Pottebaum v. Hinds

HARRIS, Justice

(dissenting).

The majority makes two leaps. For the first time we adopt the so-called firemans’ rule. And the rule is applied against a police officer in a dram shop case. I have reservations about the first leap and respectfully disagree with the second.

I. It seems to me that there is considerable force in the criticism (cited by the majority) of the rule. I have no disagreement with the obvious fact that fire fighters or police officers, in responding to a call for assistance, are no ordinary invitees. They volunteer for hazardous undertakings as a matter of career choice.
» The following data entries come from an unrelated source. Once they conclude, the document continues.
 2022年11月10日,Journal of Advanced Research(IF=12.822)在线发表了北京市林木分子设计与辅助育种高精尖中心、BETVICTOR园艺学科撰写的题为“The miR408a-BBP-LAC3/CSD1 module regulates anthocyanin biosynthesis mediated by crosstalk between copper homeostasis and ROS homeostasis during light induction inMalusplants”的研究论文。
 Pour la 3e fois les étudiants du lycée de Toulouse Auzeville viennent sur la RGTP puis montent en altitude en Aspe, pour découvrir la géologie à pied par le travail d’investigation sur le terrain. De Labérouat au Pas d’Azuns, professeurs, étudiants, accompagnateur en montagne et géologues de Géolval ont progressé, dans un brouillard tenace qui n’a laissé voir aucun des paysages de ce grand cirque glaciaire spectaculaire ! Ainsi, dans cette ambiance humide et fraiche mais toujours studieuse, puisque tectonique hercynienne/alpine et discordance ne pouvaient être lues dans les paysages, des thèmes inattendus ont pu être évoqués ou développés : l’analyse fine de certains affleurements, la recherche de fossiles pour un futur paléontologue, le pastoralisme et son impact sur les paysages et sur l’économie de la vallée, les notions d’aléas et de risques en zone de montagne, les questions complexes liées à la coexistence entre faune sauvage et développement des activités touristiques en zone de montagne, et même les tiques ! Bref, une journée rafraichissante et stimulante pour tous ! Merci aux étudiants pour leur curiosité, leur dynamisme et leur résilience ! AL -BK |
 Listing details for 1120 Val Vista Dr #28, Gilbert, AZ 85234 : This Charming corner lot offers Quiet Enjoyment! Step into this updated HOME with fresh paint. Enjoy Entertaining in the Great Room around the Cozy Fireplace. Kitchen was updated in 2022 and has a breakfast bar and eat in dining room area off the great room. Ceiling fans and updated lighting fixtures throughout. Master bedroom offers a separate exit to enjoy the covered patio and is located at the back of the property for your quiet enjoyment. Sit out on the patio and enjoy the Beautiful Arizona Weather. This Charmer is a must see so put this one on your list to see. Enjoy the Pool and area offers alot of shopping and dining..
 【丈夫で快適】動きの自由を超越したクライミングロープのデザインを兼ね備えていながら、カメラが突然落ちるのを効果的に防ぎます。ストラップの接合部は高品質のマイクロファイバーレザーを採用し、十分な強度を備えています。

On the other hand, I think this obvious fact is already well accommodated as a part of fundamental tort law. I see no need for establishing a special rule of no liability in claims by fire fighters or police officers.
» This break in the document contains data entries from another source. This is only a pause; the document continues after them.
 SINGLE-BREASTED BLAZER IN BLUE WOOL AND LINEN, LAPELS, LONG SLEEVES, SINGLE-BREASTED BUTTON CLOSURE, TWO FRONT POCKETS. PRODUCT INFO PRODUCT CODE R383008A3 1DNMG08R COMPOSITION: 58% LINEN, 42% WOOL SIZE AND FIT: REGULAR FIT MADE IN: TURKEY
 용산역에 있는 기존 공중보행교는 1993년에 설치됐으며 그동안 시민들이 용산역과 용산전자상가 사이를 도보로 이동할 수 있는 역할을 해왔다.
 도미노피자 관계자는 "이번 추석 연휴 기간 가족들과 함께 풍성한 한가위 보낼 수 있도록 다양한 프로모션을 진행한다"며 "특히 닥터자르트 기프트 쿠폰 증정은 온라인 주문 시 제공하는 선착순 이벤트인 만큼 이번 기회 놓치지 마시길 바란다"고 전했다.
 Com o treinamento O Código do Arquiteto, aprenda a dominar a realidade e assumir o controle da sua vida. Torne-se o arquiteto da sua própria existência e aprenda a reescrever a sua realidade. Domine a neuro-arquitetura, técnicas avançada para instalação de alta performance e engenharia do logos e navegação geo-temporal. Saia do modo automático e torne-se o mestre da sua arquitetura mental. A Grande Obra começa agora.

II. If a firemans’ rule is to be adopted it should not apply here. The dram shop statutes provide a statutory right of recovery. We have said that “[d]ram shop statutes impose strict liability .... ” Williams v. Klemesrud, 197 N.W.2d 614, 617, 64 A.L.R.3d 843, 846 Iowa (1972). The statute accords this right of recovery to “[ejvery ... person who shall be injured in person or property _” Iowa Code § 123.92 (1983).

I think it is inappropriate to create an exception to the statute by adopting a common law rule. I think the trial court correctly overruled the dram shop operator’s motion for judgment on the pleadings. .

I would affirm.

McCORMICK and LARSON, JJ., join this dissent.